[Milton-L] language question
jleonard at uwo.ca
Sat Feb 11 12:05:01 EST 2006
"Contranyms" or "antagonisms" are very frequent in Milton, who often plays
the opposed senses against each other. One of my favourite examples
(really two examples) is this:
and with a vengeance sent
From Media post to Egypt, there fast bound. (PL 4.170-1)
where the sense of confinement in "fast bound" is all the more arresting for
the aggressively denied alternative senses of both words. Another memorable
instance is "fierce hosting" in the war in heaven:
strange to us it seemed
At first, that angel should with angel war,
And in fierce hosting meet, who wont to meet
So oft in festivals of joy and love
where "hosting" means both "hostile encounter" and "hospitable reception,"
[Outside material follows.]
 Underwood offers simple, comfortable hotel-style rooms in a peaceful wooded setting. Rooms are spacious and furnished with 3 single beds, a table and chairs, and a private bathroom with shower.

and so anticipates the gunners' puns but, coming from Raphael's lips,
captures the wonder and dismay of an angel who really does hanker after the
violated innocent sense. There are numerous other examples, and I have an
essay on the topic in the Blackwell Companion, with the pedestrian title
"Milton's Self-Contradicting Puns." Christopher Ricks has coined the term
"anti-pun" to describe things like this (see his The Force of Poetry, 1984).
Ricks has also written about Clarendon's use of the same device.
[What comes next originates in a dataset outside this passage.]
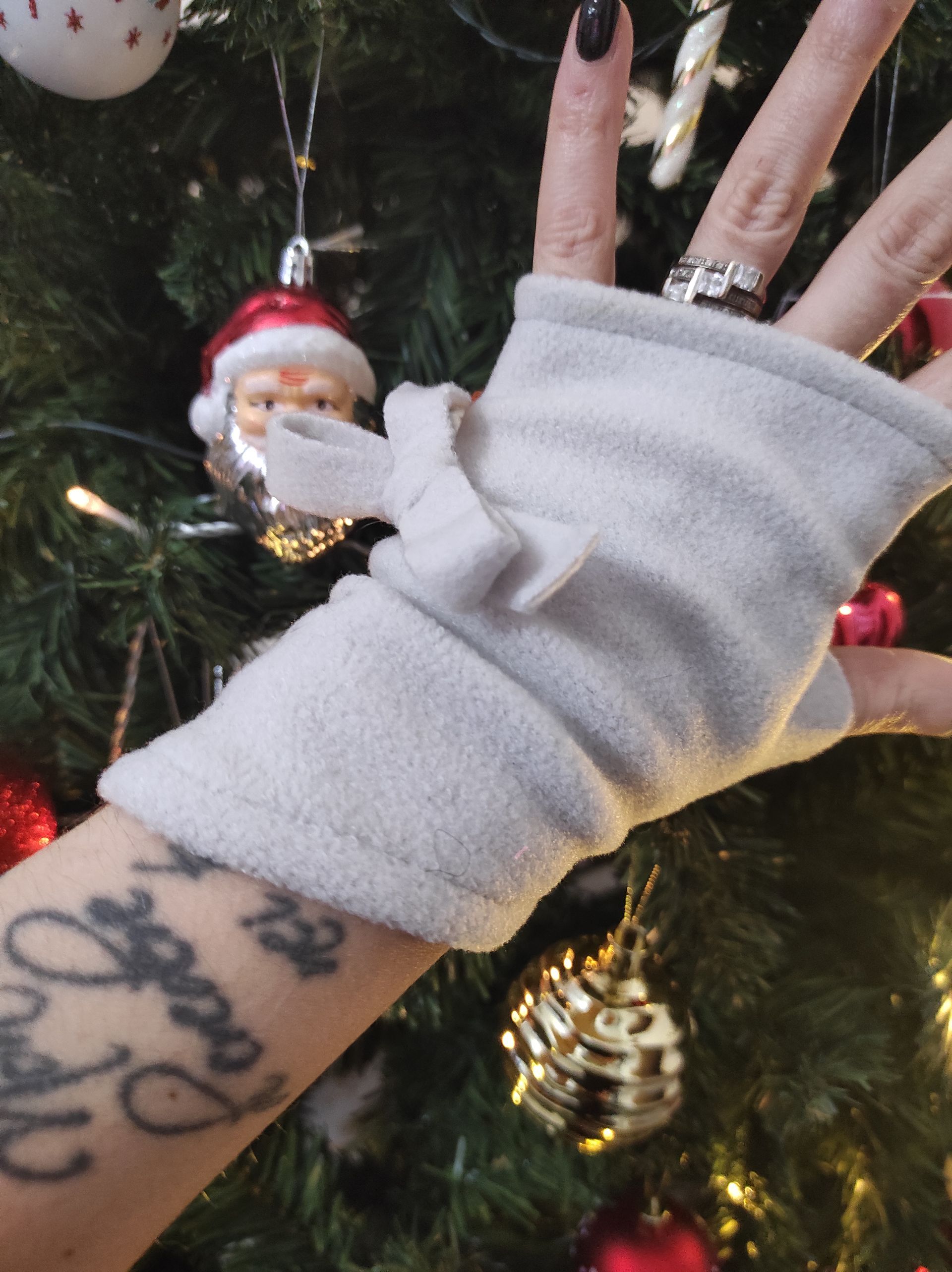 Manicotti a taglio asimmetrico realizzati in caldo e soffice pile con fiocco

----- Original Message -----
From: <bberry at mail1.vcu.edu>
To: "John Milton Discussion List" <milton-l at lists.richmond.edu>
Cc: "John Milton Discussion List" <milton-l at lists.richmond.edu>
Sent: Saturday, February 11, 2006 11:06 AM
Subject: Re: [Milton-L] language question
> Emulate woule be qnother.
> Boyd Berry
>> Anita Sherman writes:
>> Please help me remember what (I think) I once knew. What is
>> it about the evolution of the English language that results
>> in certain words--e.g. "cleave"--having antithetical
>> meanings? Is there a term of art for these kinds of words?
>> Others have already commented on the process by which _cleave_
>> came to have apparently opposite meanings. Some arise from two
>> roots; some have senses that separate and then end up being
>> contrary -- _sanction_, for instance, which can mean to permit or
>> to punish.
>> Other examples, more or less satisfying, are "clip" (to attach or
>> to separate), "screen" (to hide or to display), "cork" (to remove
>> a cork or to insert a cork), "fast" (moving quickly or not moving
>> at all), "quite" (slightly or completely), "to dust" (to remove
>> dust or to add dust) and "oversight" (careful inspection or
>> careless inattention). If you expand your boundaries, you can
>> admit things like "bad" (which in some slang usages can mean
>> good) and "citation" (which can recognize either a good or a bad
>> deed), as well as words like "rent" (which can be applied to
>> either party in the transaction), though these are kinda iffy.
>> I don't know whether linguists have a serious term, but
>> logophiles sometimes call such words "contronyms" (sometimes
>> spelled "contranyms") or "Janus words." I've also seen
>> "auto-antonym" and "antagonym." I don't think any of these
>> terms, though, will be familiar enough to most readers that you
>> could use them without an explanation.